Prescriptions are entered using a hand-held device that is light and easy to use. Commenting on the software design Dr Mizrahi said, "Three-quarters of our juniors are new immigrants — they think in their mother tongue, speak in Hebrew and write prescriptions in English — and they have had no difficulties with this software." He predicted that this system would become a tool that they could not work without. Nurses have found the system simple to operate, according to Ms Hanna Sherman (head nurse, geriatric rehabilitation department) and patients have also responded favourably.

The ServeRx system uses bar-code verification to match prescriptions, medicines and patients. It has now been in operation, in a pilot scheme, for five months at Sheba Medical Centre. The ServeRx system, which can be free-standing or integrated with existing hospital systems, controls and logs the processes of prescribing, dispensing and administration. It comprises a custom built, computer-controlled medicines storage unit (that includes a fridge and a secure cupboard for controlled drugs), a medicines trolley with an integral computer and a hand-held device for prescribing. Medicines are dispensed from the storage unit and placed in the trolley individual patient drawers, marked with an LCD label. Reading the patient bar code releases the appropriate drawer and medicines administration is recorded on the computer screen. When the trolley is docked with the storage system after use the central computer is updated with the administration record.

The hospital's strategic vision emphasises patient safety, supported by electronic health records and electronic prescribing with inbuilt decision support systems. It has 1200 acute beds and 880 chronic beds and a staff of 30 pharmacists and technicians. "It is quite a struggle to maintain safety", said Dr Amitai Ziv (medical director). Dr Ziv feels sure that, as in most hospitals, there is under-reporting of errors. In 2002, 170 drug-related errors had been reported. None had been fatal but two had been serious and resulted in admission to the intensive care unit. The ServeRx closed-loop system meets the hospital's requirements for risk management, he concluded.

The impact of the system is being assessed by means of a prospective study comparing two geriatric rehabilitation units with similar case mixes, one using the ServeRx system and the other using the usual system, explained Dr Ahuva Weiss-Meilik (head of performance and outcome improvement unit).
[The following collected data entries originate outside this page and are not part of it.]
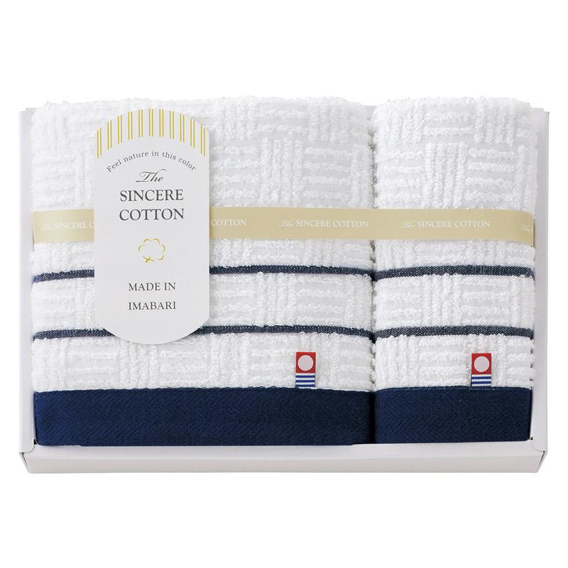 ネイビーとホワイトのコントラストが美しい品格あふれるギフトセット。ノーブルな紺色と白色のコントラストが美しい、高級感のあるタオルです。フォーマルでも映えるシックでモダンなデザインが自慢です。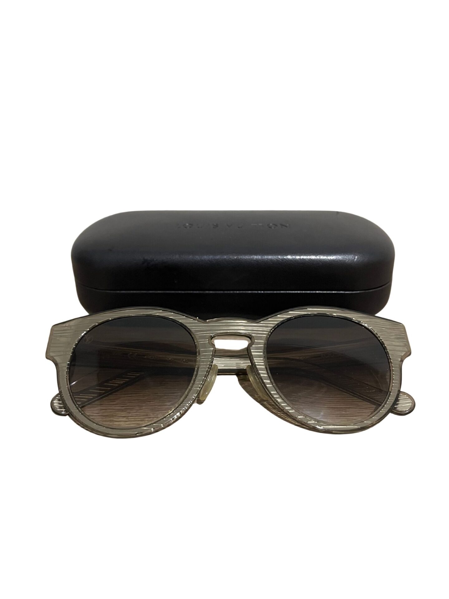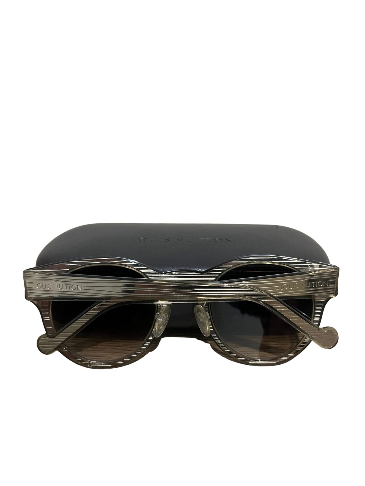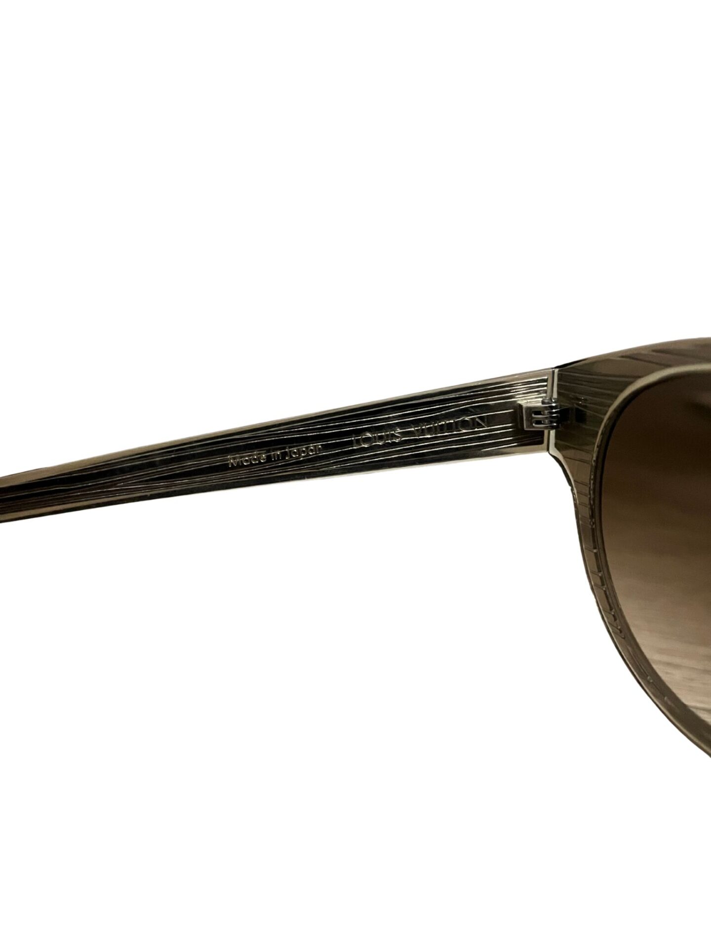 Óculos Louis Vuitton em acetado dourado e logo lateral.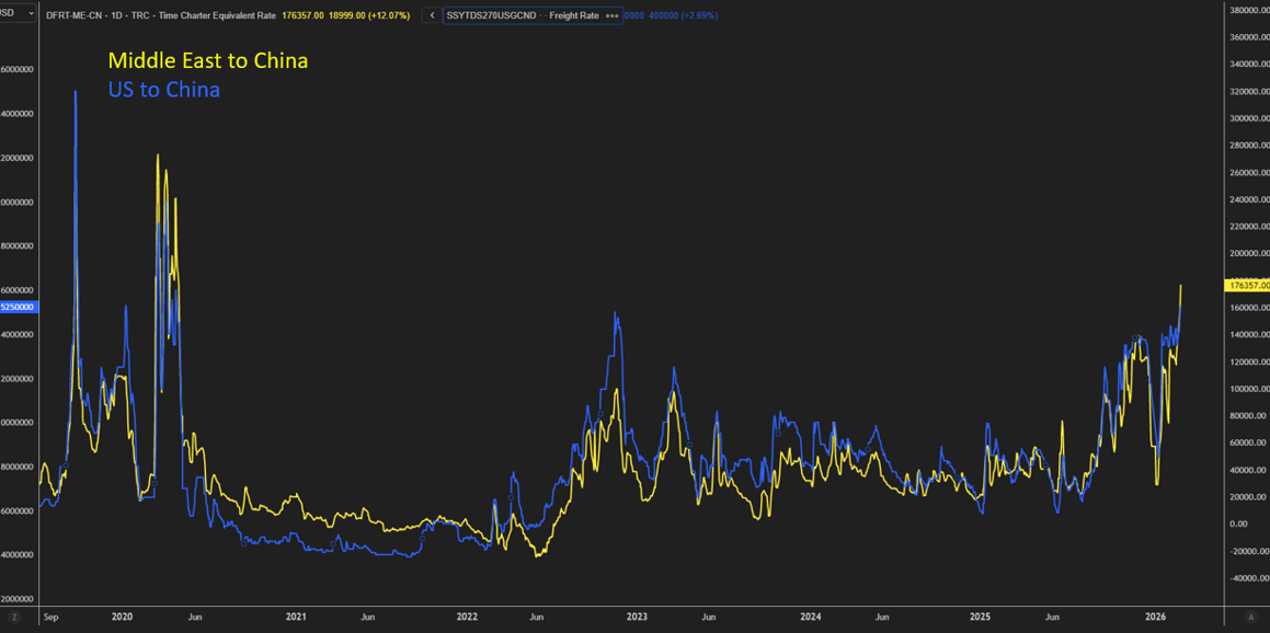 经纪商克拉克森(Clarksons)在一份报告中指出,VLCC现货运价的变动,并不需要实际运输的原油数量减少。报告写道:“只要市场对风险的感知上升,运价就可能迅速被重新定价——包括战争风险保费上调、船东要求因靠港该地区获得额外补偿,以及租船方为降低航期不确定性而提前、拉长订舱周期。”

Although a full analysis of the results is not yet complete, some key preliminary findings have emerged. Analysis of the workflow has shown a marked reduction in the complexity of the process required to prescribe, dispense and administer medicines. The number of discrete tasks involved has fallen from 46 to 33 (a 28 per cent reduction). Similarly, the number of decisions that have to be made during the process has fallen from 13 to four (a 69 per cent reduction) and the number of places where patient details are recorded has been reduced to one. Future analysis will show whether these process changes translate into improved outcomes.

Ms Miriam Adam (chief pharmacist) commented that the system should allow better use of pharmacy technical staff. Ms Ann Jacklin, chief pharmacist at the Hammersmith hospital, where the UK pilot of ServeRx will take place, pointed out that, unlike paper systems, the electronic prescribing system will identify prescription changes thereby allowing pharmacists to target their efforts more effectively.

Experiences with automated systems in The Netherlands have thrown up some new problems. Mr Bertil Lenderink (director of pharmacy Midden-Brabant, Tilburg) said that problems were associated with bar-coded bracelets. Some patients had taken them off, some bracelets had been difficult to read, either because they had been damaged when the patient took a shower or because the scanner could not read the barcode on the curved surface, and some of the barcodes had been inaccurate.